The romantic myth of the architect is that of a brilliant loner at the drawing board, conjuring poetic designs with dramatic sweeps of the pencil. And, truth be told, architects seem perfectly happy to sustain this notion: When Frank Lloyd Wright was asked where his creations came from, for example, he mischievously replied, “I just shake them out of my sleeve.” 

Yet nowadays, even among the relatively few architects in a position to design entire buildings, the artistic aspect of the profession comprises only a small fraction of the job. The rest is gobbled up in researching building codes, producing working drawings (the “blueprints” of yore), hewing to voluminous civic design restrictions, keeping clients happy, and not least scaring up enough work to pay the bills.

The majority of architects, however, don’t end up in solo practice at all, but rather go to work for larger firms where they seldom get to shake much of anything out of their sleeves. At best, they may design certain bits of buildings, while at worst they’ll be relegated to writing specifications or some other less-than-artistic pursuit. 
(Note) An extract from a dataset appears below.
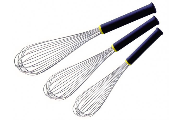 Ce kit est composé de trois fouets de différentes tailles, à savoir, 30, 35 et 40cm, pratique selon la quantité de préparations à cuisiner. Chaque fouet possède des fils en acier inoxydable ressort. Ainsi, la pomme conservera sa forme originelle même en cas d'utilisation intensive.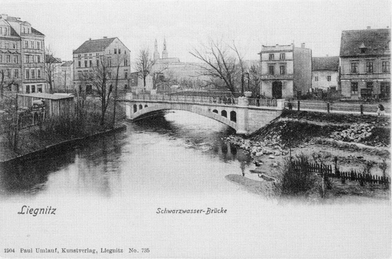 Tom II — ILUSTRACJE -- 110. Legnica. Głogowska — most na Czarnej Wodzie. Liegnitz. Schwarzwasser-Brücke. Karta pocztowa z pocz. XX w. Repr. z G. Humeńczuk, Legnica około 1900 roku, Legnica 2004, s. 105.

Money, or the lack of it, is another thing that shakes up these students. Among the professions that require  both schooling and a rigorous licensing process--medicine, law, engineering and the like--architecture is by far the least lucrative. According to U.S. U.S. News, the median salary for architects in 2012 was $73,090--actually a bit less than it was the previous year, despite the nation’s slow emergance from the Great Recession. 

Granted, this income is nothing to sneeze at, but given the academic requirements, it’s nowhere near salary league of physicians (average yearly income: $191,520) or lawyers ($113,530). It’s even quite a bit less than the $82,790 pulled down by our ostensibly lesser-trained colleagues, construction managers.

Faced with the prospect of enduring four or five years of college, three or more years of internship, and thirty-odd hours of examinations, this is not necessarily the kind of payback young people have in mind.

Given these realities, I always conclude my little lecture this way: If you’re absolutely smitten with architecture--if, like me, you’re happy spending both your working time and your free time basking in its intricacies-- and you also don’t care much about money, then there’s no more rewarding profession on the planet. But as these downcast young faces so often reveal as they’re going out the door, it takes more devotion than some people bargained for.